GPU Selection Guide by Workload
Development and Experimentation
Best option: 1x RTX 4090 ($0.55/hr) or 1x A100 ($0.78/hr)
For prompt engineering, testing model quality, and running small-batch inference, you don't need datacenter GPUs. Most models up to 32B parameters fit on a single RTX 4090 with INT4 quantization. Larger models (70B) fit on an A100 80GB.
Use Spot instances for experimentation — you save 30-50% and interruptions don't matter when you're iterating.
Single-Model Production Inference
Best option: 1x H100 ($2.00/hr) or 1x H200 ($3.50/hr)

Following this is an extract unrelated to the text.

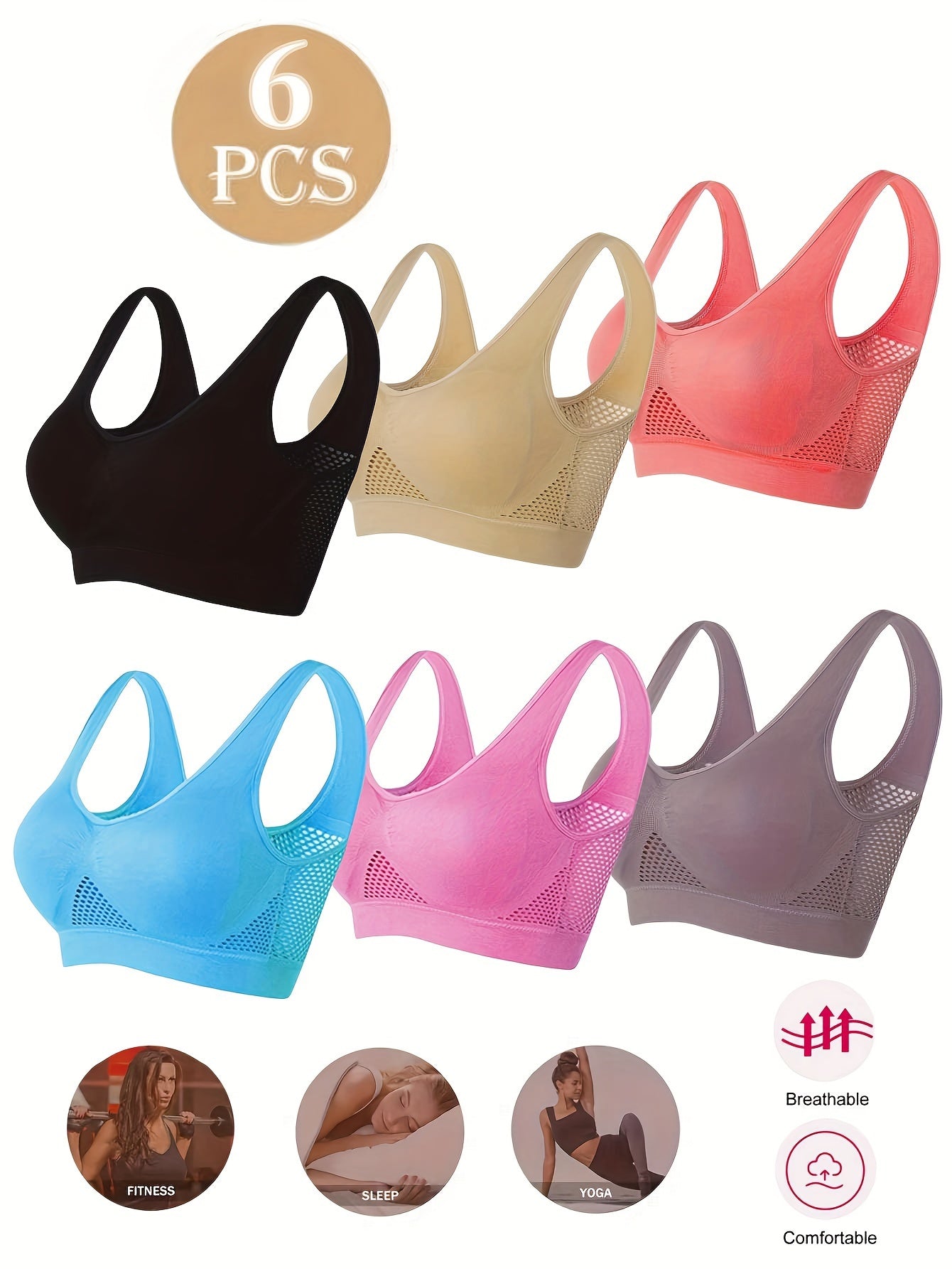 Women’s Plus Size Seamless Sports Bras 6-Pack V-Neck Removable Pads

For serving one model to production traffic, an H100 handles most 70B-class models comfortably. The H200's extra VRAM (141 GB vs 80 GB) gives you headroom for longer contexts and higher concurrency without sharding across multiple GPUs.
Large Model Serving (100B+)
Best option: Multi-GPU H100 or B300 cluster
Models above 100B parameters require multi-GPU setups regardless of quantization. For the largest models (DeepSeek V3.2, Kimi K2.5), 8-GPU configurations are the minimum.
On Spheron AI, you can provision multi-GPU baremetal servers with H100, H200, and B300 GPUs. B300 Spot instances starting at $2.90/hr per GPU give you 288 GB VRAM per GPU — meaning a single B300 can run models that would require 2-4 H100s.
Training and Fine-Tuning
Best option: H100 or B300 with NVLink
Fine-tuning requires more VRAM than inference because you need to store the model weights, gradients, and optimizer states simultaneously. A general rule: fine-tuning requires 3-4x the VRAM of inference for the same model.
QLoRA dramatically reduces fine-tuning memory requirements. With QLoRA, you can fine-tune a 70B model on a single H100 80GB, or Llama 4 Scout on a single H100 using ~71 GB of VRAM.
The Cost Efficiency Tiers
Not every model needs the most expensive GPU. Here's how to think about cost efficiency:
Tier 1: Consumer GPUs ($0.40-0.70/hr)
RTX 4090, L40S
Run models up to 30B parameters quantized. Excellent for: Qwen 3.5 32B, Phi-4 14B, Llama 3.3 8B, Mistral 7B. Not suitable for: anything above 40B parameters, even with aggressive quantization.
Tier 2: Single Datacenter GPU ($0.78-3.50/hr)
A100 80GB, H100 80GB, H200 141GB
Run models up to 70-100B parameters quantized, or up to 40B in full precision. The sweet spot for most production deployments. Covers: Qwen 3.5 72B, Llama 3.3 70B, Llama 4 Scout (quantized), Mistral Large 2 (quantized).
Tier 3: Multi-GPU Clusters ($8-28/hr)
4-8x H100, 4-8x H200, 4-8x B300
Required for 100B+ models and the largest MoE architectures. Covers: Llama 4 Maverick, DeepSeek V3.2 Speciale, Kimi K2.5, Nemotron Ultra 253B (FP16).
What's Coming Next
The model landscape moves fast. By Q2 2026, expect DeepSeek R2 (the reasoning-focused successor to R1), Llama 4 Behemoth (the rumored 2T+ parameter model), and Qwen 4.0. Each will push VRAM requirements higher — but GPU improvements (B300's 288 GB, Rubin on the roadmap) and better quantization techniques (FP4, 1.58-bit) will keep the hardware accessible.
We'll update this cheat sheet as new models ship. If you're planning GPU infrastructure for the next 6-12 months, size for the largest model you expect to run and add 30% headroom for KV cache and future model growth.